If you would prefer to listen to the podcast, head to PublisherLab.org or watch it on YouTube.

The digital publishing news cycle appeared to have experienced a slight slowdown, as the initial excitement surrounding AI developments still lingers but has become more normalized. The enthusiasm has waned partly due to government concerns regarding AI, particularly among businesses like Bard and ChatGPT. Many are now adopting a more cautious approach, eagerly awaiting potential regulations before diving deeper into AI-related endeavors.

The concerns of governments and the general public regarding privacy and security in relation to AI extend beyond sophisticated code-cracking capabilities, focusing more on granting individuals the power equivalent to that of professional penetration hackers. This immediacy of privacy and security issues has prompted individuals and institutions alike to reevaluate their stance on AI. Today’s discussion will revolve around privacy, the emergence of AI being included in everything and recent news about Google being ordered by a regulatory authority to divest part of its ad tech business.

Prioritizing privacy regulation and data transparency

The prevalent issue of privacy regulation and data transparency resonates with individuals who often find themselves mindlessly agreeing to terms and conditions without a viable alternative. The lack of choice and understanding within these agreements, which often resemble lengthy novels, contributes to a widespread lack of awareness. Companies can exploit this lack of comprehension, which exemplifies how businesses leverage the language of these agreements to their advantage.

In response to these concerns, the government is taking steps to address the issue with a proposed act called the “TLDR Act” (too long, didn’t read). This act aims to make terms and conditions more regulated, concise, and understandable, allowing individuals to comprehend the implications of their consent. However, there is an ongoing debate on whether the industry should self-regulate or rely on government intervention. Some argue that the industry itself should take the initiative to regulate and simplify terms and conditions, while others express skepticism about the effectiveness of government-imposed regulations, citing past instances where well-intentioned legislation has had unintended consequences.

Critics of government intervention highlight the challenges of implementing effective privacy regulations. They argue that previous acts like GDPR and CCPA have added significant overhead costs and management burdens to both publishers and end-users. There is a widespread sentiment that government regulations often lack the granular expertise required for a well-thought-out and efficient implementation. With the complexity of emerging technologies like AI and the evolving landscape of data privacy, there is a need for thoughtful and nuanced solutions that genuinely serve the purpose of protecting user privacy without unintended negative consequences.

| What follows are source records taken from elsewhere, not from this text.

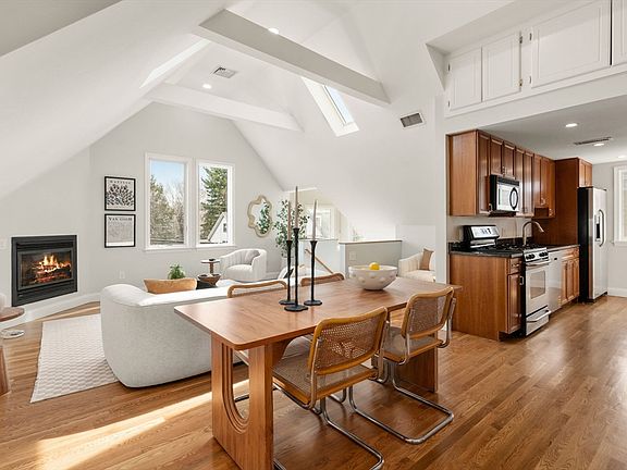 This sun-drenched top-floor condo is ideally located across from Danehy Park and near Huron Village, as well as vibrant Porter and Harvard Squares. Beautifully maintained, the home features newly refinished hardwood floors, a thoughtfully remodeled bathroom, and a bright, open layout. A private second-level entrance leads to a sweeping staircase that opens to the main living level, where skylights and a gas fireplace in the living room create a warm and inviting atmosphere. The kitchen is outfitted with custom cabinetry, granite countertops, a gas stove, and a brand-new dishwasher perfect for home chefs. Two spacious bedrooms offer comfortable living, and a cozy study nook provides a sunlit space to work from home. Ample storage includes an oversized front hall closet, generous eaves, and dedicated basement storage. A private roof deck offers the perfect retreat above the treetops. Don’t miss this rare opportunity to own a serene home in one of Cambridge’s most sought-after locations!
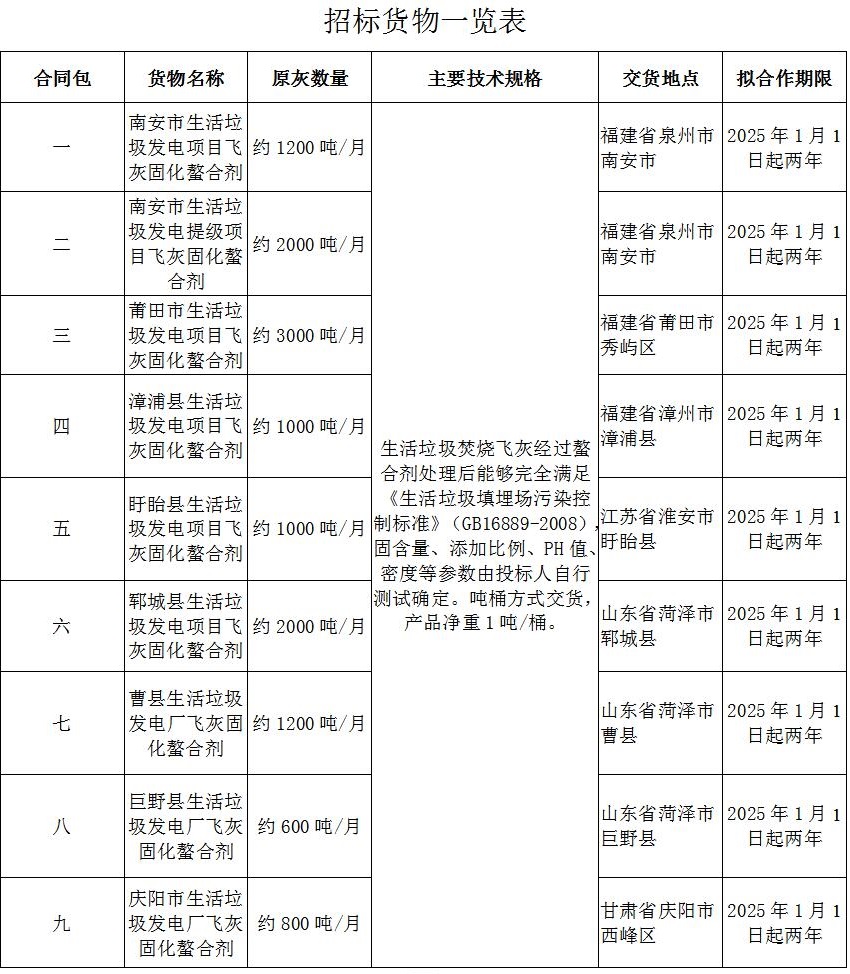 聖元環保股份有限公司對南安市生活垃圾焚燒發電廠、南安市生活垃圾焚燒發電廠提級項目、莆田市生活垃圾焚燒發電廠、漳浦縣生活垃圾焚燒發電廠、盱眙縣生活垃圾焚燒發電廠、鄆城縣生活垃圾焚燒發電廠、曹縣生活垃圾焚燒發電廠、巨野縣生活垃圾焚燒發電廠、慶qing陽yang市shi生sheng活huo垃la圾ji焚fen燒shao發fa電dian廠chang飛fei灰hui固gu化hua螯ao合he劑ji采cai購gou項xiang目mu的de下xia述shu貨huo物wu及ji服fu務wu進jin行xing國guo內nei公gong開kai招zhao標biao,現xian歡huan迎ying國guo內nei合he格ge的de投tou標biao人ren前qian來lai提ti交jiao密mi封feng的de投tou標biao。
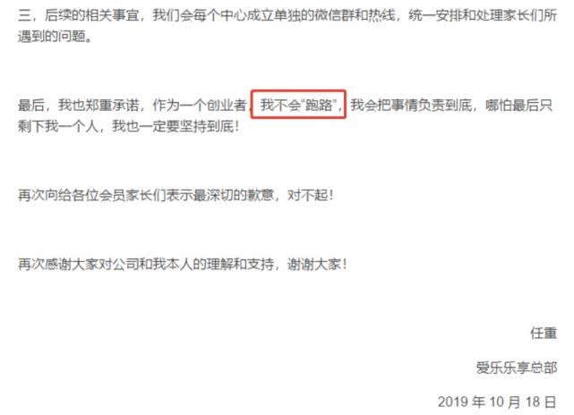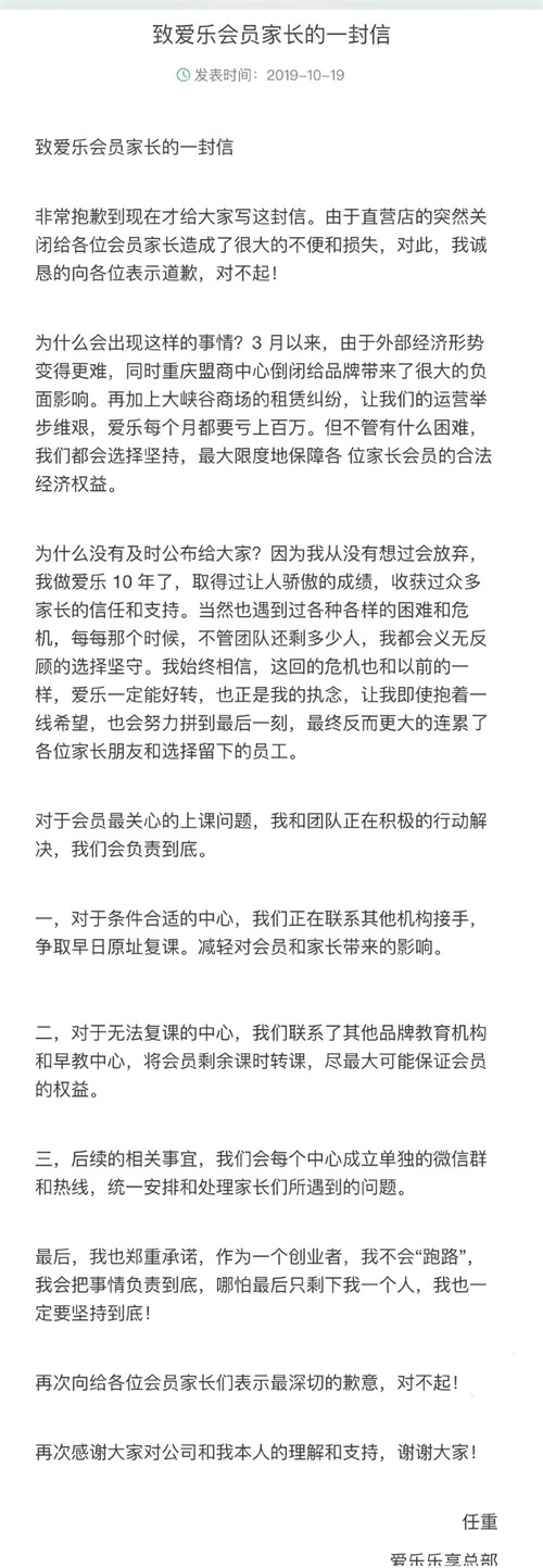10月18日,爱乐乐享创始人任重在官网发布致歉信,称由于直营店的突然关闭给各位会员家长造成很大的不便和损失,对此,诚恳道歉。
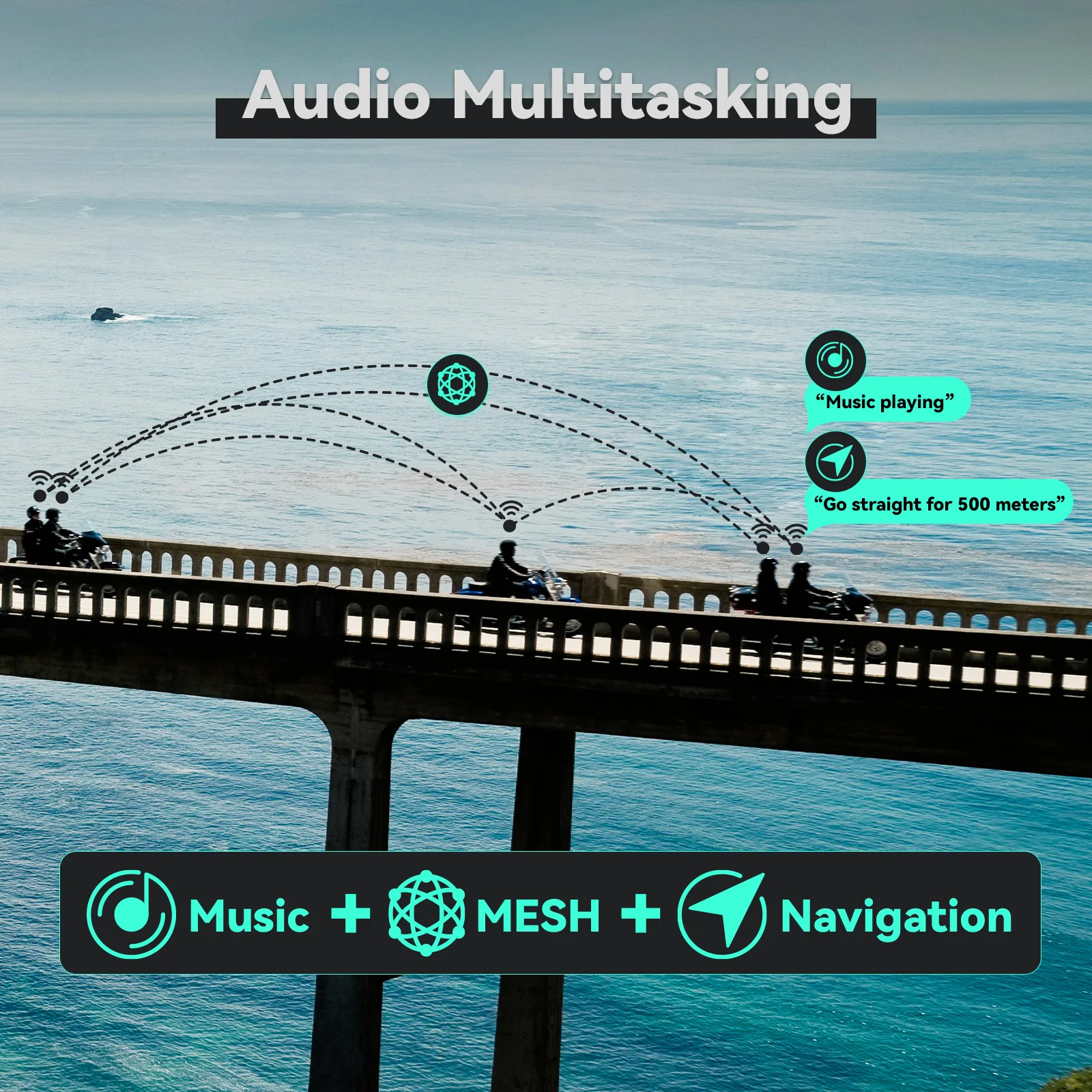 Keep your eyes on the road and your hands on the bars. Our always-on natural voice operation engine makes button-pressing a thing of the past. Just say "Hi Max" and tell it what you want, your ASMAX will do the rest.Audio Multitasking
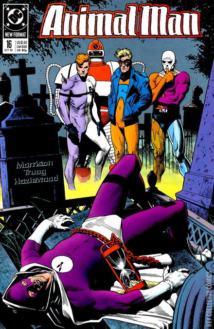 Animal Man enlists the aid of his Justice League Europe colleagues (including Metamorpho and Elongated Man) to combat the fearsome return of the Time Commander.
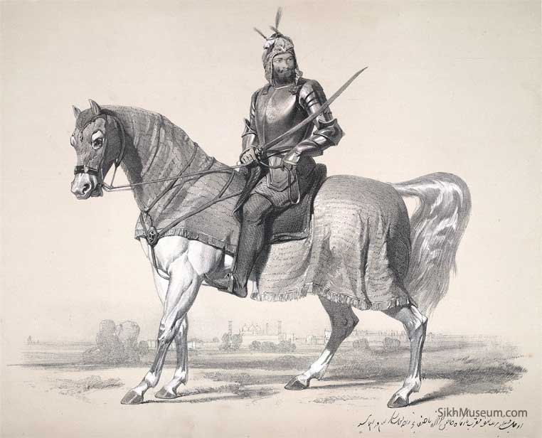 Earlier images of Sikh cavalry as well as earlier accounts mention the wearing of turbans rather than helmets. Doctor Murray a British physician wrote the following in a letter dated January 1, 1827 to Captain Wade, the British resident at Ludhiana:
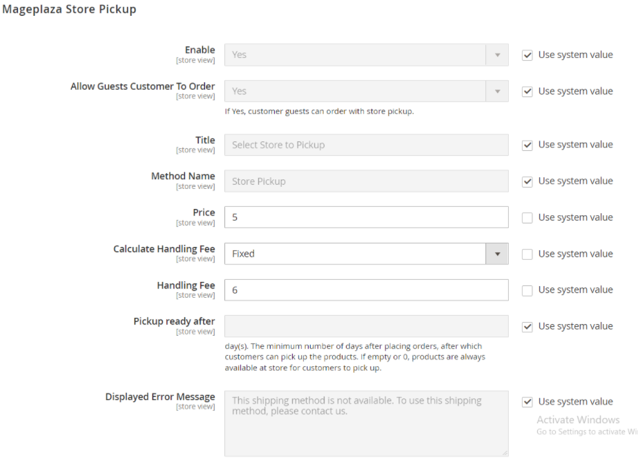 Login to the Magento Admin, choose Stores > Configuration > Sales > Shipping Methods > Mageplaza Store Pickup.
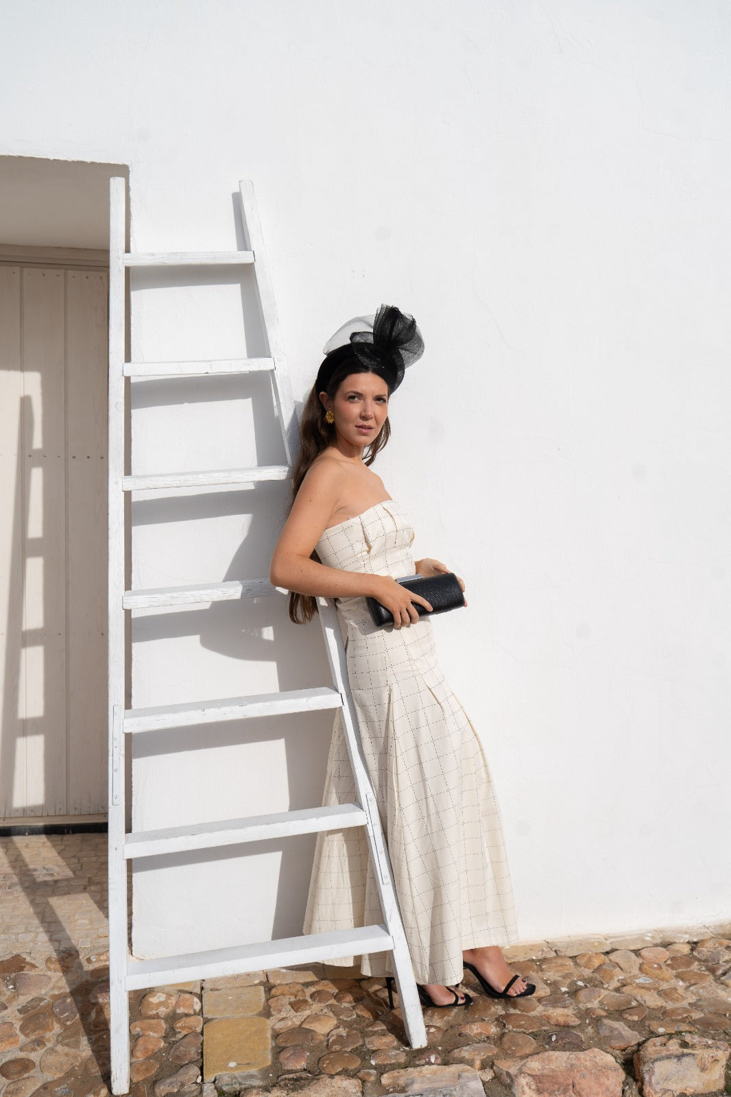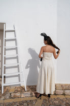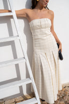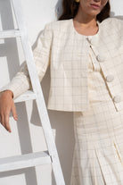 Vestido midi palabra de honor, falda de corte midi acampanado y chaqueta manga larga corte recto, botones frontales. En color beige detalles cuadros.
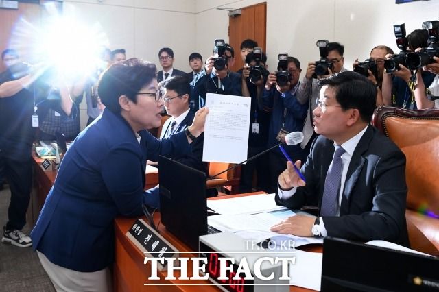 지난달 24일 환경노동위원회 여당 간사인 임이자 국민의힘 의원(왼쪽)이 국회에서 열린 환경노동위원회 전체회의에서 노란봉투법(노동조합 및 노동관계조정법 2·3조 개정안)의 본회의 직회부 요구건에 대해 전해철 환경노동위원장에게 항의하는 모습. /남용희 기자
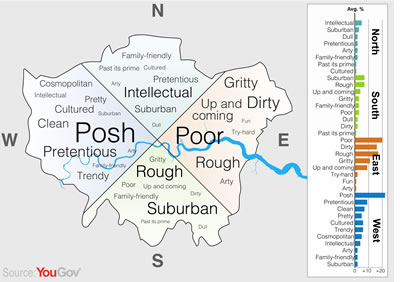 reveals the stereotypes people associate north, south, east and west London with and the results have been published in the form of a map:
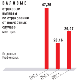 Интересно, что уровень страховых выплат по страхованию от НС в 2007 г. был очень низким — 8,8%. Это при том, что в 2006 г. этот показатель составлял 9,5%, а в 2005 г. — 31,2%. Такую ситуацию страховщики объясняют по-разному. Одни говорят, что по договорам страхования от НС редко страхуется временная потеря трудоспособности, что якобы приводит к низкому уровню выплат. Другие сетуют, что часто сами застрахованные не знают своих прав и не обращаются при наступлении страхового случая за возмещением. Третьи утверждают, что это погрешности статистики, и уровень выплат нельзя соотносить с суммой полученных премий за год, так как срок страхового полиса может превышать этот период. При этом страховщики признают, что договоры по страхованию от НС в основном краткосрочные. “Чаще всего договор заключается на год, но бывают и краткосрочные договоры, когда клиент выезжает за границу и заключает договор только на время свого пребывания (рабочие поездки, туризм) или на время турпохода по Украине, соревнований”, — рассказывает Наталья Спиридонова, начальник управления личного страхования СК “Оранта” (г.Киев; с 1921 г.; 10 тыс.чел.).

As the conversation surrounding privacy continues to gain momentum, the challenge lies in striking a balance between user rights, industry practices, and government regulation. While there is a consensus that the current state of consent agreements is problematic, finding a valid solution remains a point of contention. Some suggest revisiting the way browsers and ad exchanges interact, emphasizing the responsibility of dominant players in the market to implement privacy measures. Ultimately, the pursuit of effective privacy regulation in a rapidly evolving digital landscape necessitates comprehensive, well-informed discussions among stakeholders.

The pervasive labeling of AI in the tech world

In the realm of technology, the pervasive trend is to affix the label “AI” to almost everything. It seems that tech companies have embraced this practice, as artificial intelligence has become a widespread buzzword. The rapid progress in machine learning and pattern recognition, particularly since the release of ChatGPT, has fueled the AI frenzy. However, it is important to consider whether every technological innovation truly falls under the AI umbrella, or if the application of AI is even necessary for certain technologies.

Artificial intelligence has undergone an evolution in its definition over time. Initially, its goal was to replicate human reasoning capabilities. Nowadays, the focus has shifted towards large-scale pattern matching. To explain AI to someone without much technical knowledge, one could describe it as a set of rules or equations, known as algorithms, that dictate the desired output of a given process. While humans traditionally write these algorithms, machine learning—a subset of AI—allows machines to generate and modify algorithms autonomously. Machines analyze relevant variables, weigh their significance according to predefined goals, and continually update the algorithm. This process is much more efficient and agile compared to what humans can achieve manually.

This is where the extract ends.